Provided material:
---

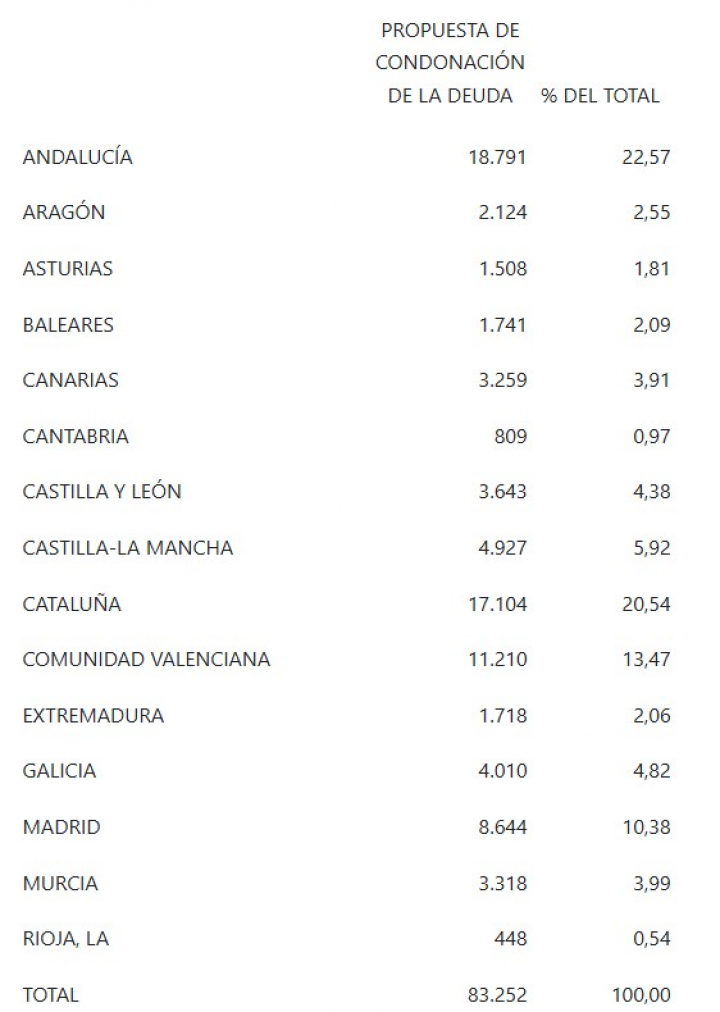 En términos absolutos, Andalucía es la comunidad que podrá condonar más deuda según la propuesta presentada. En concreto, el Estado asumiría 18.791 millones de deuda de Andalucía por 17.104 de Cataluña, 11.210 (13,47 %) de la Comunidad Valenciana y 8.644 (10,38 %) de Madrid.
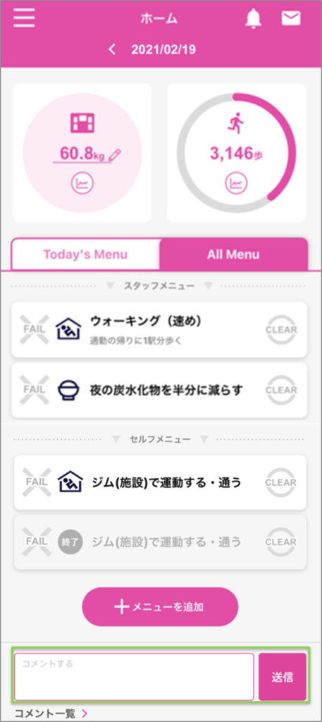 ※1日に複数回のコメントを送信する場合は前回のコメントに追記して入力します(前回入力したコメントはコメント欄に表示されます)
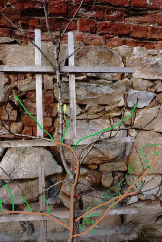 Deine rot gekennzeichneten Schnittvorschläge sind auch anders; aber mit ihnen wird sich wohl wegen der Spitzenförderung kaum ein Spalier erreichen lassen. Daher "Birnen wird´s trotzdem geben..."
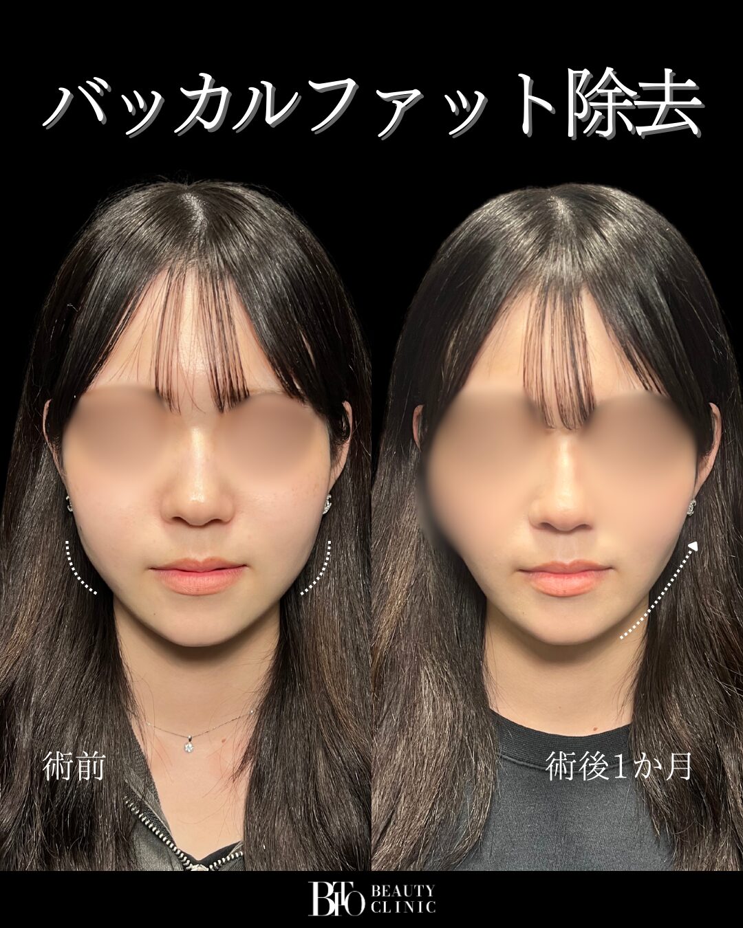 また、バッカルファットは脂肪の性質として燃焼しづらく、ダイエットでは減らないため、外科的に除去しない限り根本的な改善は困難です。適切に除去することで、フェイスラインの立体感や頬の陰影が整い、すっきりと若々しい印象に近づけることができます。

---

What the task asks: Would you copy out every line of the data above exactly, minus the pictures?

Solution to the exercise:
 En términos absolutos, Andalucía es la comunidad que podrá condonar más deuda según la propuesta presentada. En concreto, el Estado asumiría 18.791 millones de deuda de Andalucía por 17.104 de Cataluña, 11.210 (13,47 %) de la Comunidad Valenciana y 8.644 (10,38 %) de Madrid.
 ※1日に複数回のコメントを送信する場合は前回のコメントに追記して入力します(前回入力したコメントはコメント欄に表示されます)
 Deine rot gekennzeichneten Schnittvorschläge sind auch anders; aber mit ihnen wird sich wohl wegen der Spitzenförderung kaum ein Spalier erreichen lassen. Daher "Birnen wird´s trotzdem geben..."
 また、バッカルファットは脂肪の性質として燃焼しづらく、ダイエットでは減らないため、外科的に除去しない限り根本的な改善は困難です。適切に除去することで、フェイスラインの立体感や頬の陰影が整い、すっきりと若々しい印象に近づけることができます。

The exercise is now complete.